"The middle path: 'evidence-guided' development. Neither pure opinion nor pure data, but balancing human judgment with evidence. The key is not to obliterate human judgment but to supercharge it with evidence."
"Two metrics: a North Star (value delivered to users) AND a Top KPI (value captured by the business)"
Evidence from the Archive
Gmail, YouTube, Microsoft
Google+ consumed 1,000+ engineers over multiple years, built a division the size of Android, and was shut down in...
Google+ consumed 1,000+ engineers over multiple years, built a division the size of Android, and was shut down in 2019 -- opinion-based development at its most expensive
Worked inside Google during both its greatest product failure (Google+, 1,000+ engineers, shut down) and one of its greatest product successes (Gmail tabbed inbox) -- giving him firsthand experience of what happens when the same company uses opposite approaches. Their core argument: The middle path: 'evidence-guided' development. Neither pure opinion nor pure data, but balancing human judgment with evidence.
The evidence is specific: Google+ consumed 1,000+ engineers over multiple years, built a division the size of Android, and was shut down in 2019 -- opinion-based development at its most expensive. Furthermore, gmail tabbed inbox: Wizard of Oz test where users saw what appeared to be a working tabbed inbox, but emails were manually sorted behind the scenes to gather evidence cheaply. Gmail team's internal testing progression: own inboxes -> other Googlers -> external testers -> usability studies -> data mining -> full launch.
In Itamar Gilad's own words: "Every successful product company out there that you look at Amazon, Airbnb, anyone you will check, at least in their best periods they found a way to balance human judgment with evidence. They didn't try to obliterate human judgment and opinion just to supercharge them with evidence." (Articulating the core thesis of evidence-guided development.)
Gmail, YouTube, Microsoft
Google+ consumed millions of person-hours based on leadership conviction, failed, and was shut down in 2019
Gmail tabbed inbox was validated with a Wizard of Oz test (manually sorted emails behind a facade of HTML) before any real engineering
Former PM at Google who worked on both Google+ (a cautionary tale of opinion-driven development) and Gmail's tabbed inbox (a success story of evidence-guided development); now a product coach and author of Evidence-Guided. Their core argument: Being evidence-guided means matching the right type of evidence to the right decision stage -- not blindly applying A/B testing or blindly trusting intuition.

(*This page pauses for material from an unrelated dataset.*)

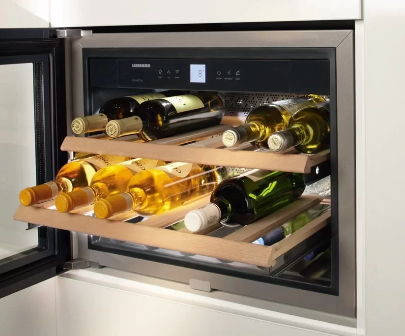 Климатический винный шкаф Liebherr WKEes 553 отличается своими небольшими габаритами, превосходный вариант для гостиной или кабинета. Две полки на телескопических направляющих способны вместить 18 бутылок (0,75 л) вина.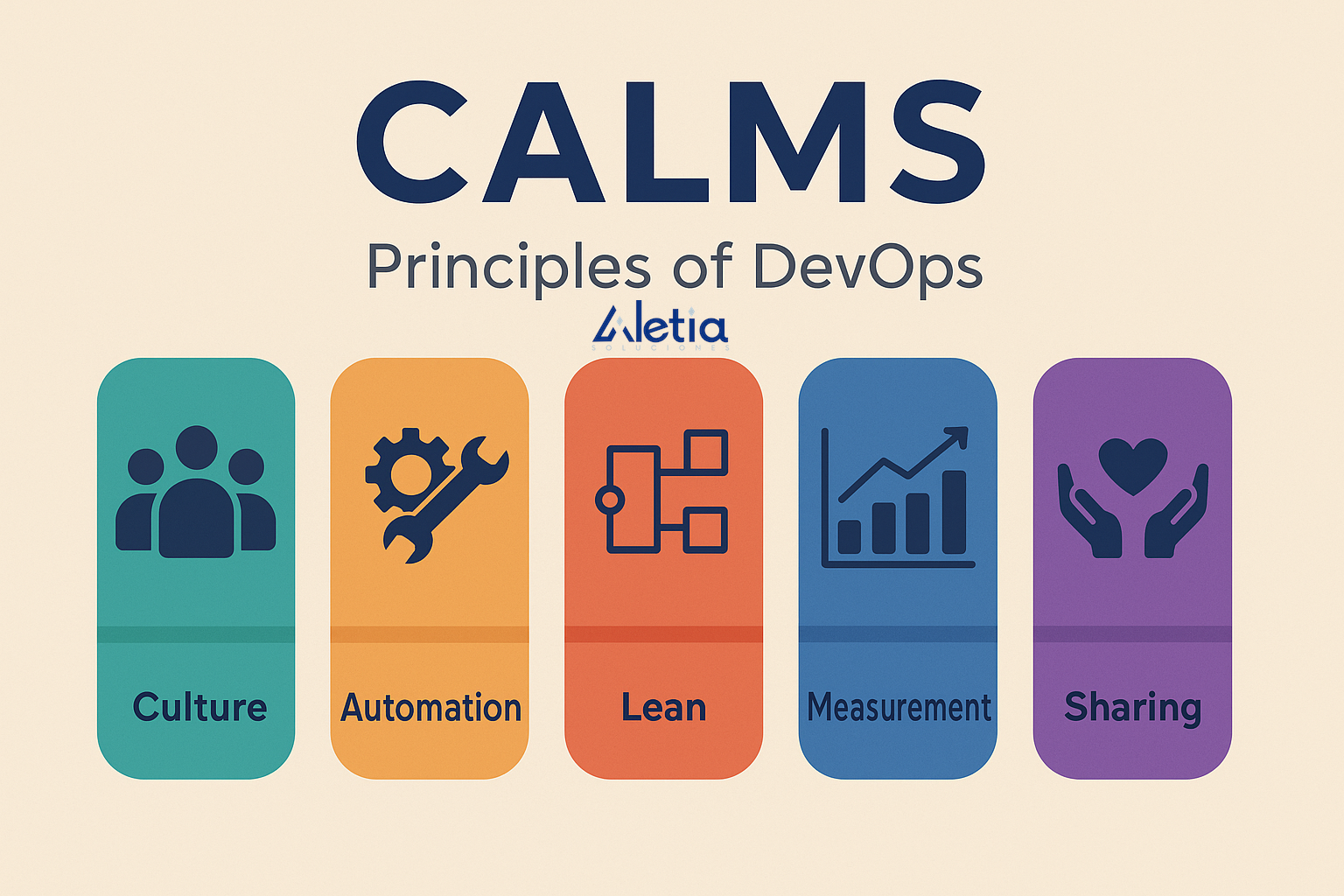 Uno de los marcos más utilizados para describir DevOps es CALMS, que define sus cinco principios fundamentales:

The evidence is specific: Google+ consumed millions of person-hours based on leadership conviction, failed, and was shut down in 2019. Furthermore, gmail tabbed inbox was validated with a Wizard of Oz test (manually sorted emails behind a facade of HTML) before any real engineering. Google missed WhatsApp and Snapchat opportunities while pouring resources into Google+ -- evidence of the cost of opinion-driven bets.
In Itamar Gilad's own words: "You fake it, you do a fake door test, you do a smoke test, Wizard of Oz tests. We used a lot of those in the tabbed inbox by the way, one of the first early versions was actually we showed the tabbed inbox working to people. But it wasn't really Gmail, it was just a facade of HTML." (Describing how the Gmail tabbed inbox was validated with scrappy evidence before committing engineering resources.)
Gmail, YouTube, Microsoft
Airbnb: nights booked as NSM reflecting value for both hosts and guests
WhatsApp: messages sent as NSM (value delivered), with monetization metrics tracked separately
Former product lead at Gmail, YouTube, and Microsoft. Now a product coach who has trained thousands of PMs. Author of Evidence-Guided. Their core argument: Two metrics always: a North Star Metric (value delivered to users) AND a Top KPI (value captured by the business), connected through metric trees.
The evidence is specific: WhatsApp: messages sent as NSM (value delivered), with monetization metrics tracked separately. Furthermore, airbnb: nights booked as NSM reflecting value for both hosts and guests. Amplitude: weekly active learning users -- users who found an insight valuable enough to share with two other users.
In Itamar Gilad's own words: "The North Star metric measures how much value we create for the market. For example, let's take WhatsApp. WhatsApp for a very long time measured messages sent because every message sent is a little incremental of value for the sender, the receiver." (Distinguishing the true NSM (value delivered) from what most companies call their NSM.)